How can they? We see this kind of model-abuse from deniers quite frequently, but I think this is the first time I have seen someone argue that the sea isn’t rising as fast as it is because the budget adds up to a different number!
Do you think Dan H. noticed that two of his links are to the same paper?
More evidence that he is simply confused and out of his depth. I really honestly have no clue what point he was actually trying to make and he has neither clarified it nor backed it up.
I wonder what his real (third hand, predigested) source was?
Septic Matthew says
290, Didactylos: But then, he says insane things like “declines in total energy dissipation … since 2005″. Maybe reading the whole paper really wouldn’t help him.
The ” … ” displays omission of useful information. Is that your way of saying that you dismiss Maue’s data presentations out of hand?
What parts of my summaries of the paper’s findings are you disputing? Their models predicted declining cyclonic energy dissipations with global warming, and they explicitly wrote that their model results do not conform with the increase in energy dissipation through 2005.
Alex Katarsis says
304:
I’ve spent years overseas myself, living in poor areas of Asia. I understand that we’ve had bad luck with foreign aid to some of these areas – with corrupt governments diverting funds meant for good purposes, but these subsidies were being blocked because people claimed the fertilizers were dangers to the already famine stricken environments (as well as generators of GHGs). I think the conservative elements are right on this issue. We should support development of modern highways in Africa and subsidies for fertilizing well organized farmland. It is politically-correct to oppose highway development, because people are mistaken in the belief that the laying of asphault is the primary cause of deforestation. The truth is, land clearing for inefficient farming is the main cause. Those little family farms that clear land immediately between two forested areas and a river or stream is precisely what begins the deforestation process. If we do those two things now, we will improve access to health care in Africa, stimulate trading intercontinentally and increase the food output in famine stricken areas. Concerns over GHG’s should take a back seat. It seems we are dodging the nitrogen issue anyway. Making these danger zones more self-sufficient, will provide funding for infrastructure later (even in Bangladesh). The best part is, we can do it immediately.
[edit – debating made up stuff about DDT is best done on other blogs. It is very OT here]
I truly hope that some of you see why it could be argued that fighting carbon dioxide and nitrogen may actually be damaging, more immediately, to the poorer people of earth? In fact, it’s more than just an argument. Fighting against these actions to “save the earth” is demonstrably damaging in the short term.
Dan H. says
Funny Didactylos,
I was being polite to those who might not have a subscription. Apparently you prefer rudeness based on your last post. Do you always blindly accept that which supports your own beliefs, but vehemently deny that which does not? Did you even notice that there is no significant different between the two values. Maybe with a little more research, you can clear up your confusion.
Barton,
The NCAR is one prediction for the future. Here is another which shows a significant increase in precipitaion for the U.S. by 2100. Both of these prediction lie within the uncertainty for 90 years in the future. I would not bet on either.

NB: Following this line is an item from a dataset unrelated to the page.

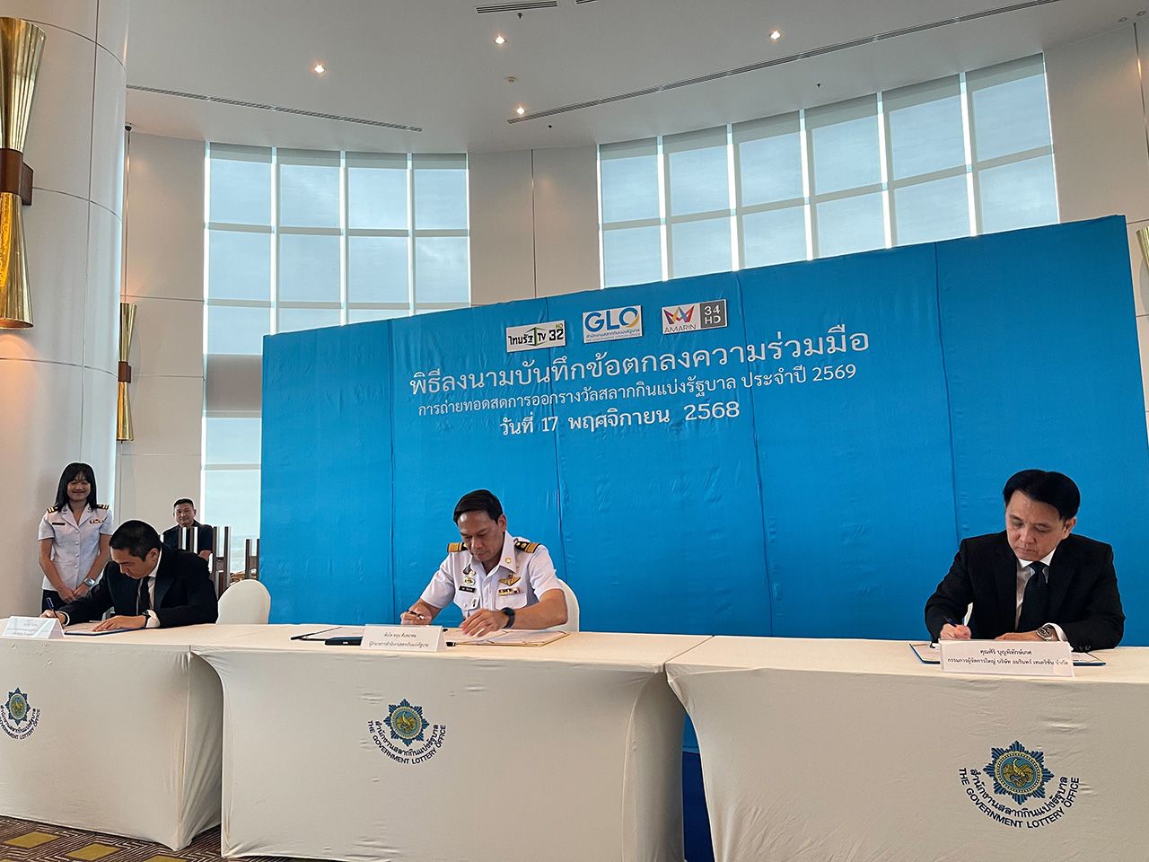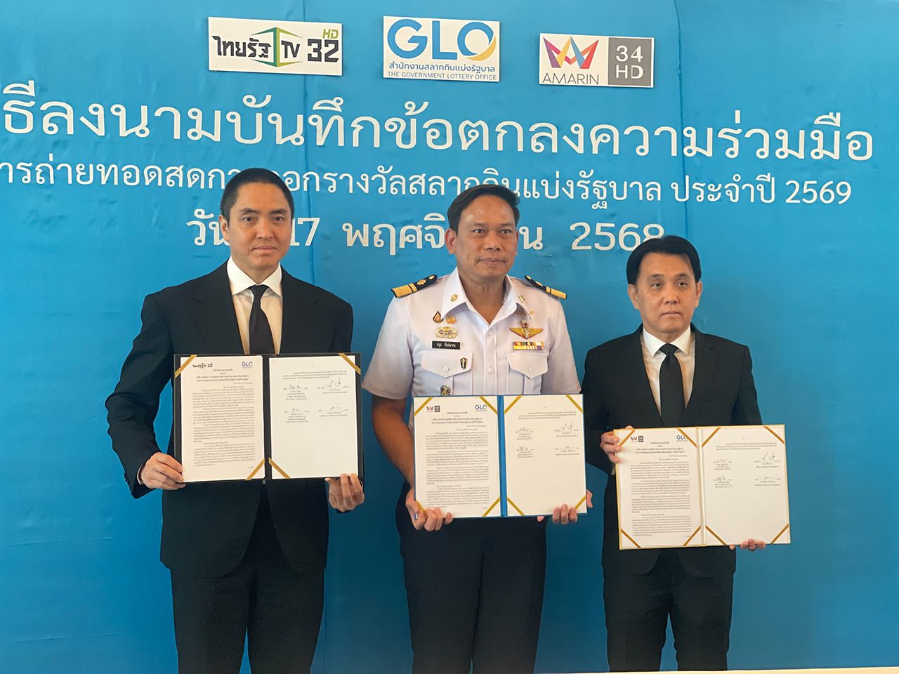 17 พ.ย. 2568 สำนักงานสลากกินแบ่งรัฐบาล (GLO) จัดพิธีลงนามความร่วมมือกับ บริษัท ทริปเปิล วี บรอดคาสท์ จำกัด (ไทยรัฐทีวี ช่อง 32) และบริษัท อมรินทร์ เทเลวิชั่น จำกัด (สถานีโทรทัศน์อมรินทร์ทีวี เอชดี ช่อง 34) ในการถ่ายทอดสดการออกรางวัลสลากกินแบ่งรัฐบาล ประจำปี 2569 ตั้งแต่งวดวันที่ 2 มกราคม 2569 ถึง 16 ธันวาคม 2569 รวมทั้งสิ้น 24 งวด

http://www.ornl.gov/sci/knowledgediscovery/WarGaming/
http://www.ornl.gov/sci/knowledgediscovery/WarGaming/
sambo says
BPL (#313)
I thought the precipitation variation from the GCM weren’t clearly indicating more or less, just greater frequency of extremes. I understand increased area of desert, however I don’t understand how you saw with certainty that it’s going to cover most of the US. Can you explain how the argument supports that statement (or provide a link to your paper)?
Kevin McKinney says
#319–
I don’t think cumulative July precip is that useful a metric, I’m afraid. It ignores 90%+ of the year (obviously) and also the effect of temperature on drying–also important for drought conditions.
This one’s a “fail.”
ccpo says
A few comments on the farming thing. I’ve posted before about the water retention capacity of soils with good organic content. This is a key metric in keeping soils in place even in heavy downpours. A second key metric is keeping the ground covered. ALL farming/gardening land/plots should be heavily mulched. This is as simple as chopping and dropping the remains where they grew or returning them after processing. If you do the second you get the first and many heavy rains will simply add to your aquifer.
If water starts to run regardless of organic content, then you need to plan in earthworks to deal with this. Like the first two, this should be done, anyway. Any good land management/development project starts with water, soil, sun and wind. The earthworks manage water (energy) flows on your land and, except in very wet environments, should be keeping every drop that falls on your site on your site. Overflow is always accounted for and planned in.
You’ll note the first comments take care of sun, too, by keeping the soil/humus covered up preventing drying, which also takes care of wind blowing away your soil.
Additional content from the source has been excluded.